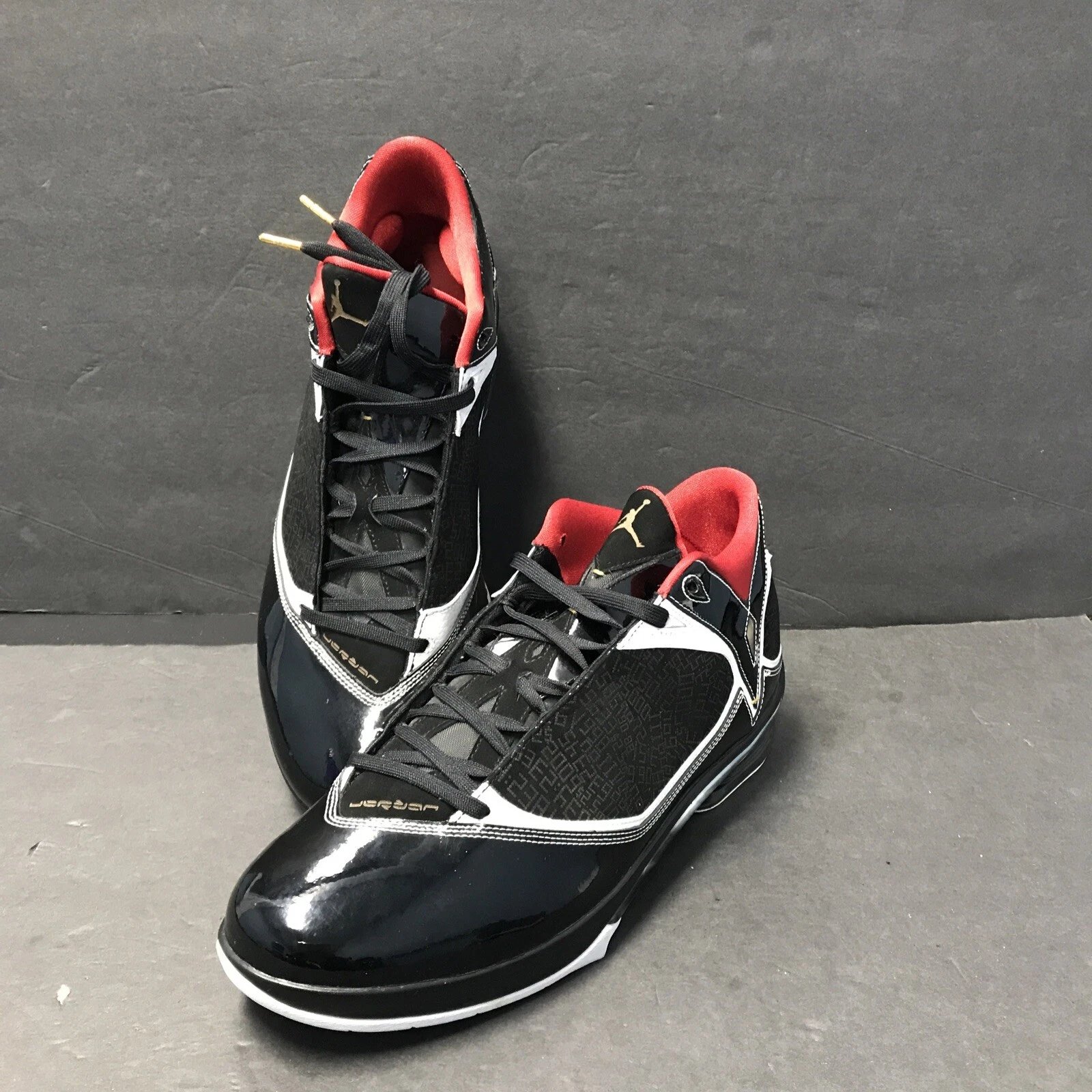 | Colorway | Black / White / Metallic Gold / Varsity Red |
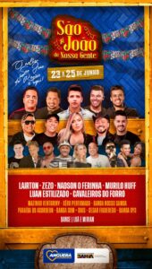 Passarão pelo palco do ‘SÃO JOÃO DA NOSSA GENTE’ Cavaleiros do Forró, Nadson, o Ferinha, Zezo, Luan Estilizado, Murilo Huff, Lairton e diversas outras atrações. (Veja a grade completa ao final da matéria).
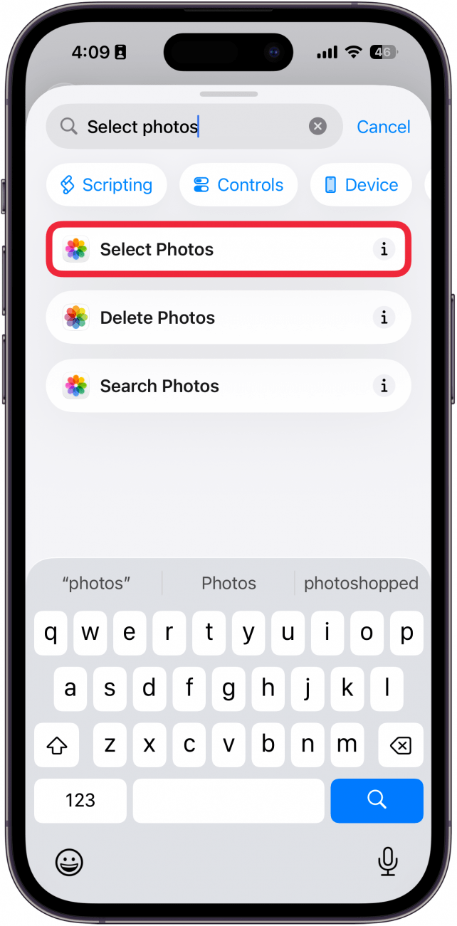 - 点击搜索栏在屏幕底部。搜索并点按选择照片。
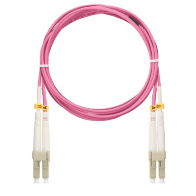 Шнур NIKOMAX волоконно-оптический, соединительный, многомодовый 50/125мкм, стандарта ОM4, LC/UPC-LC/UPC, двойной, полимерный материал нг(A)-LSLTx, 2мм, маджента, 5м
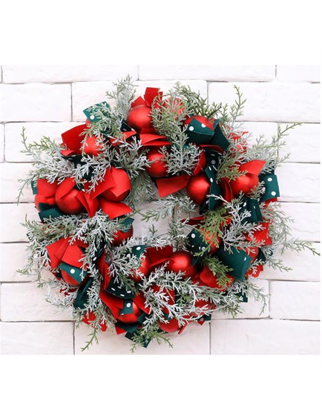 Χριστουγεννιάτικο διακοσμητικό στεφάνι με διάφορα κλαδιά, μπάλες και κορδέλες.
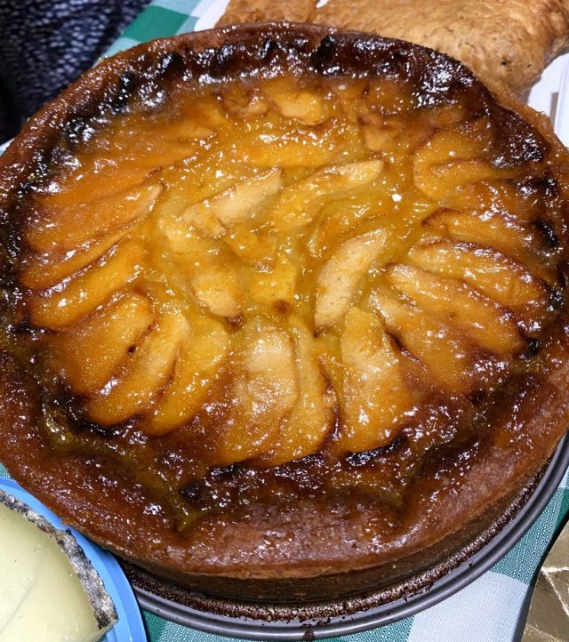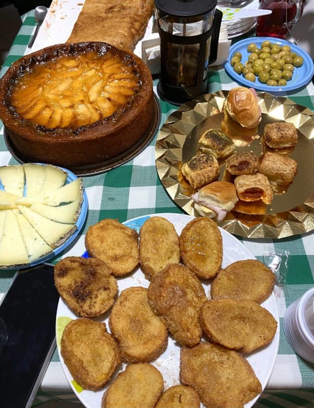テーブルがどーん。ケーキがばーん。手作りのりんごケーキ、トリハ(フレンチトースト)、ミートパイ、チーズ・・・みなさんの手にはシャンパンが。
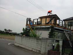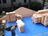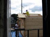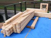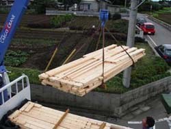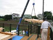 | 知り合いのユニック車を借り出し、ログハウスの部材を吊り上げてデッキの上に荷揚げしていく! |
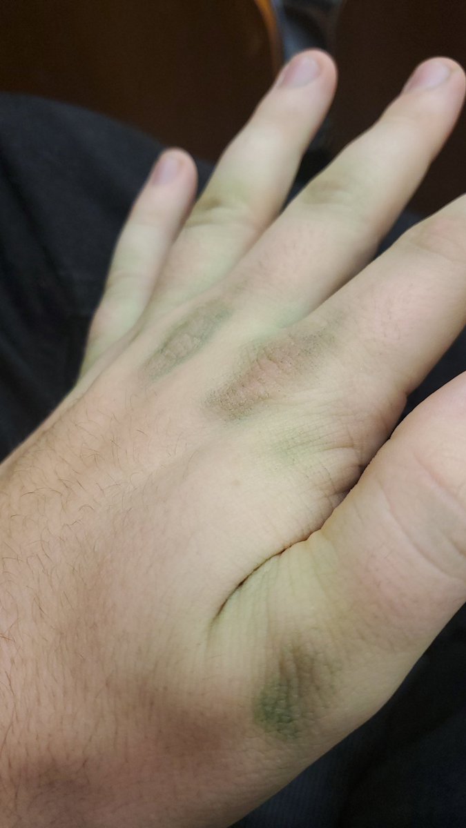 Hey #cosplay people. For Halloween I used @SpiritHalloween's grease paint. It was coming off on everything, kept coming off all over the place and was a bitch to get off. My hands are still green. Is there a better makeup I should be using or what should I do in the future?
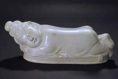 這件宋定窯“美人枕”,長43厘米,寬15.5厘米,質(zhì)地細(xì)膩,釉色白潤如玉,工藝精巧。此枕塑造了一個豐滿美人的“迷人睡姿”—其雙手枕于頭下,兩腳疊壓稍稍抬起,衣紋線條流暢,盡顯雍容華貴,透露出唐人遺風(fēng)。
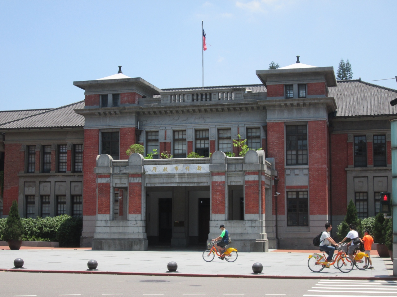 新竹市街の中心、中正路と中山路が交差する場所にあります、城隍廟から中山路を歩いて突き当たりにある固定古積になっている建物です、和と洋が混ざった建築形式、玄関はダブル柱式ポーチ、ロビー内の洋式アーケードトローマ式柱が立派です。
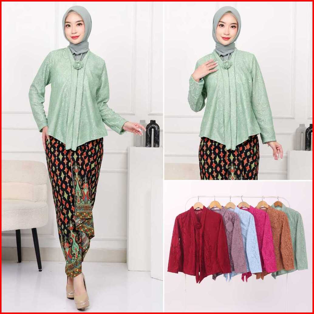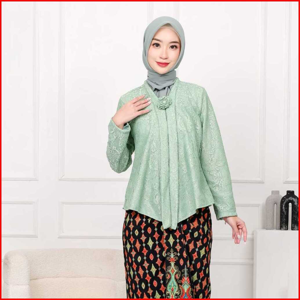 Brp92 110 Kebaya Floy Brokat Panjang Glitter Full Furing Adem Busui Std - Jumbo Keroncongbusana
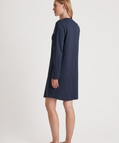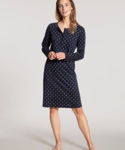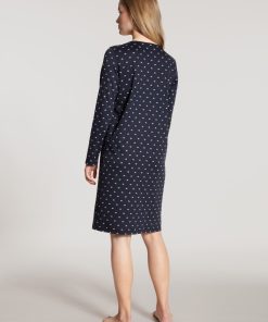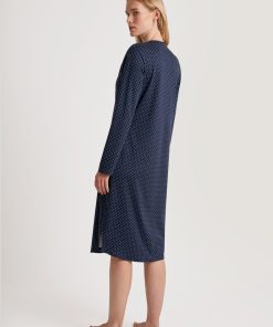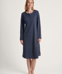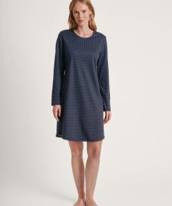 CALIDA Women’s Nightwear Midnight Love Long Sleeve Nightdress – 110 Cm Length | Sterling Blue
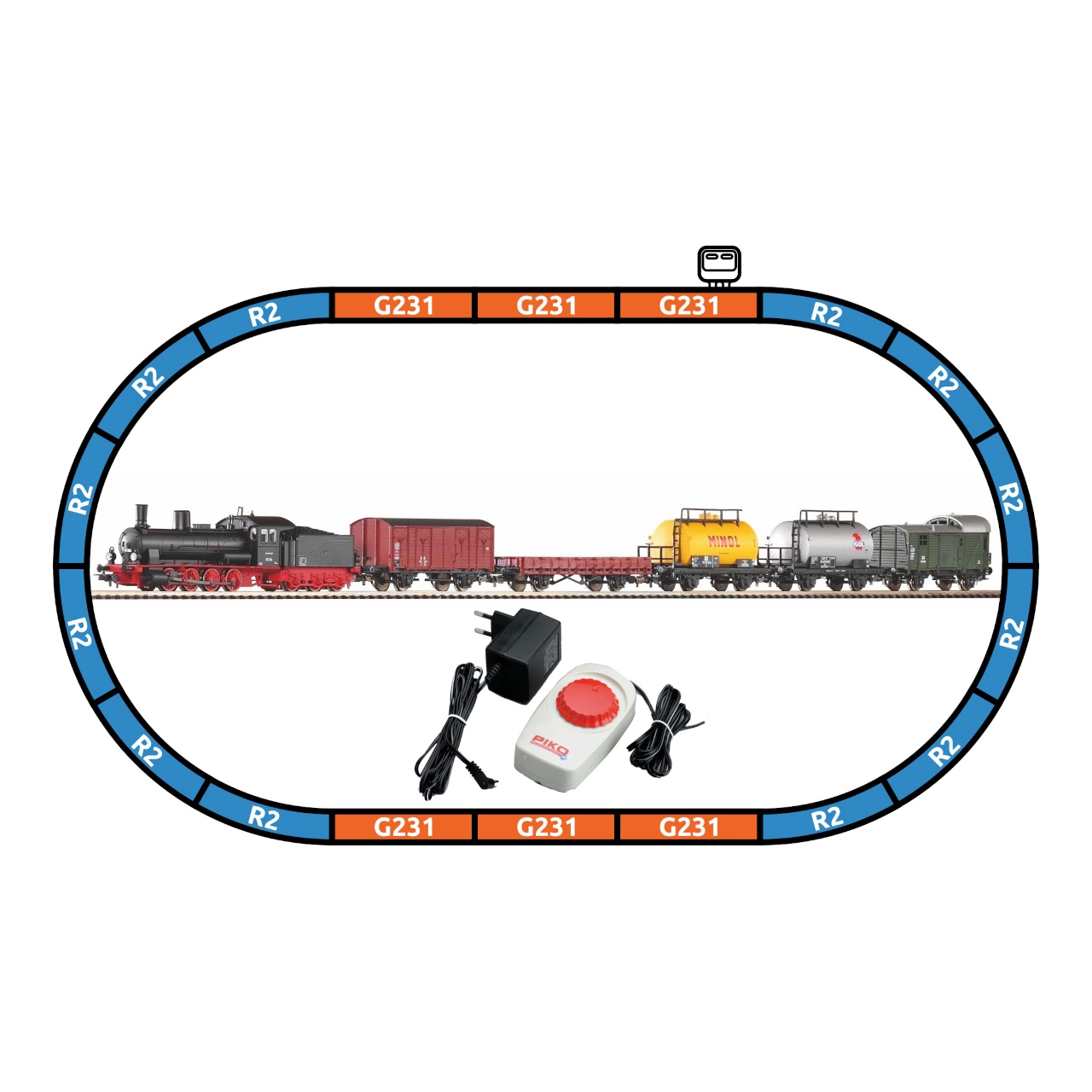 Zestaw startowy oferuje realistyczny pociąg towarowy z lokomotywą parową BR 55 (G 7.1) DB, epoka III, trzyosiowym tendrem i pięcioma różnymi wagonami. Dzięki torom z podsypką budowa i demontaż trasy są szybkie i trwałe, co docenią zarówno początkujący, jak i zaawansowani modelarze. Podstawowe sterowanie analogowe umożliwia płynną jazdę od razu po rozpakowaniu.

◆ What the task requires
Nothing but the lines from the one holding "Hey #cosplay people." through the final line of the entries should be retyped, exactly as they stand and without pictures.

◆ Exercise response
 Hey #cosplay people. For Halloween I used @SpiritHalloween's grease paint. It was coming off on everything, kept coming off all over the place and was a bitch to get off. My hands are still green. Is there a better makeup I should be using or what should I do in the future?
 這件宋定窯“美人枕”,長43厘米,寬15.5厘米,質(zhì)地細(xì)膩,釉色白潤如玉,工藝精巧。此枕塑造了一個豐滿美人的“迷人睡姿”—其雙手枕于頭下,兩腳疊壓稍稍抬起,衣紋線條流暢,盡顯雍容華貴,透露出唐人遺風(fēng)。
 新竹市街の中心、中正路と中山路が交差する場所にあります、城隍廟から中山路を歩いて突き当たりにある固定古積になっている建物です、和と洋が混ざった建築形式、玄関はダブル柱式ポーチ、ロビー内の洋式アーケードトローマ式柱が立派です。
 Brp92 110 Kebaya Floy Brokat Panjang Glitter Full Furing Adem Busui Std - Jumbo Keroncongbusana
 CALIDA Women’s Nightwear Midnight Love Long Sleeve Nightdress – 110 Cm Length | Sterling Blue
 Zestaw startowy oferuje realistyczny pociąg towarowy z lokomotywą parową BR 55 (G 7.1) DB, epoka III, trzyosiowym tendrem i pięcioma różnymi wagonami. Dzięki torom z podsypką budowa i demontaż trasy są szybkie i trwałe, co docenią zarówno początkujący, jak i zaawansowani modelarze. Podstawowe sterowanie analogowe umożliwia płynną jazdę od razu po rozpakowaniu.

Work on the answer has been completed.